Sadly our little “Peppercorn” didn’t make it past the eighth week in the womb.  So after a few more months, we decided to start fertility treatments.  A year’s worth of IUIs were unsuccessful, so at the beginning of the summer we started IVF – In-Vitro Fertilization – and the real fun began.

Six years ago I was needle-phobic like you wouldn’t believe.  I had often thought to myself that given the choice between dying from cancer and going through chemotherapy, I would pick the former option.  Little did I know that would be stuck dozens of times myself, and that I would actually end up giving shots to my wife.  But here we are, some 40+ injections later.  At the beginning of July Emily started on Lupron (which halts the ovulation process), and a week later Follistim (which hyper-stimulates the ovaries),  all in an attempt to create as many eggs as possible for fertilization.
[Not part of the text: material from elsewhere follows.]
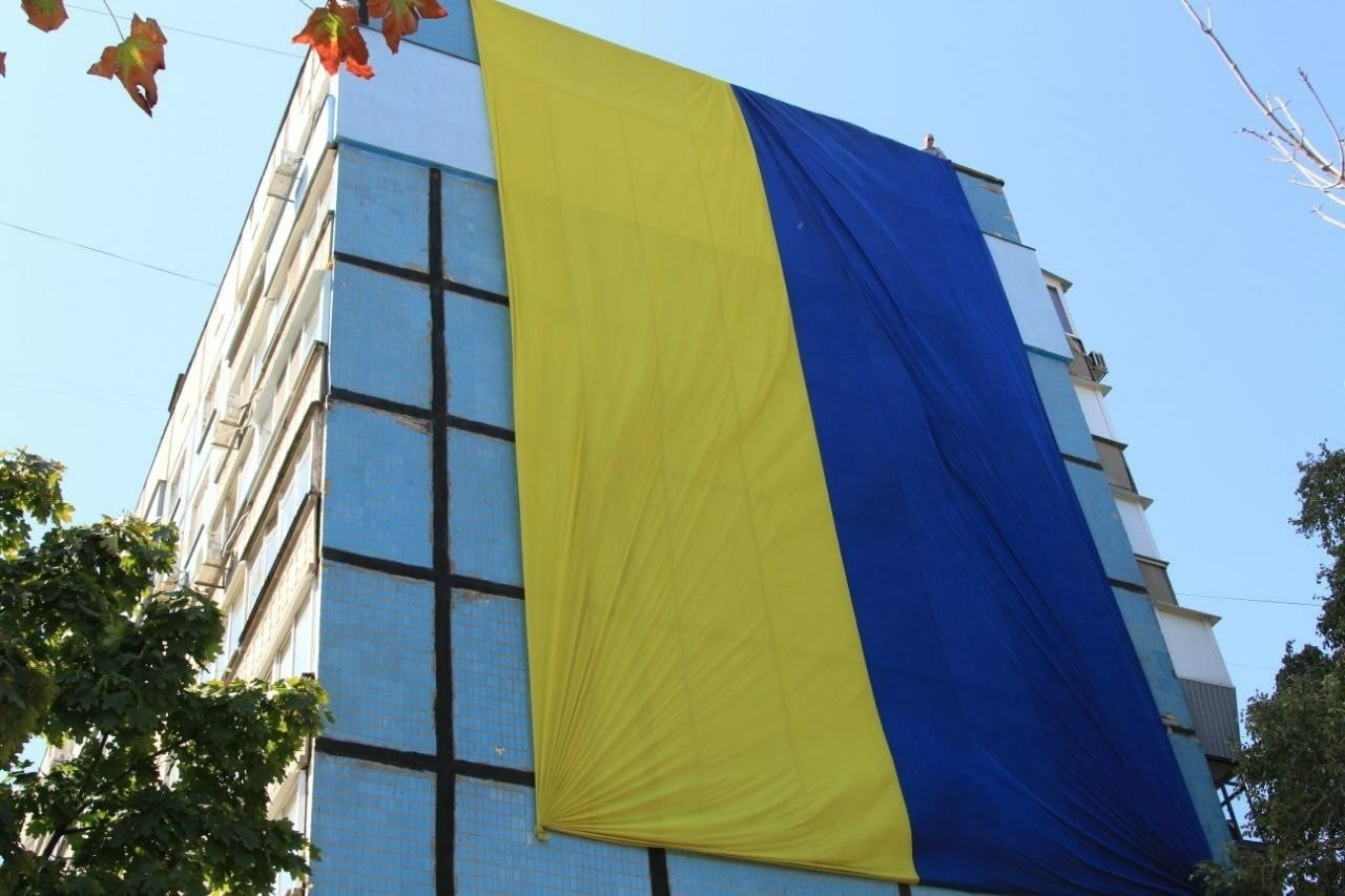 Державний прапор завдовжки 18 метрів та завширшки 12 метрів розмістили мешканці будинку – як символ свободи, незалежності та Перемоги.

With regular blood tests, she was getting stuck 3 and 4 times a day.  Even with my newly-developed tolerance of needles, if the roles were reversed, we would be adopting 🙂  She’s a stud.

Anyway, yesterday was retrieval day – we went to the fertility center and they removed all the developing eggs – all 21 of them!  The average number is between 12 and 15, so to have that many was a big relief.  A call this morning revealed that 19 eggs matured, and of those, 13 were successfully fertilized.  Now, that doesn’t mean we’ll have 13 embryos to transplant, as some will not survive.  But on Tuesday we will implant two or three strong ones and hopefully there will be a few more that we can put in cryo-storage for implantation at a later date.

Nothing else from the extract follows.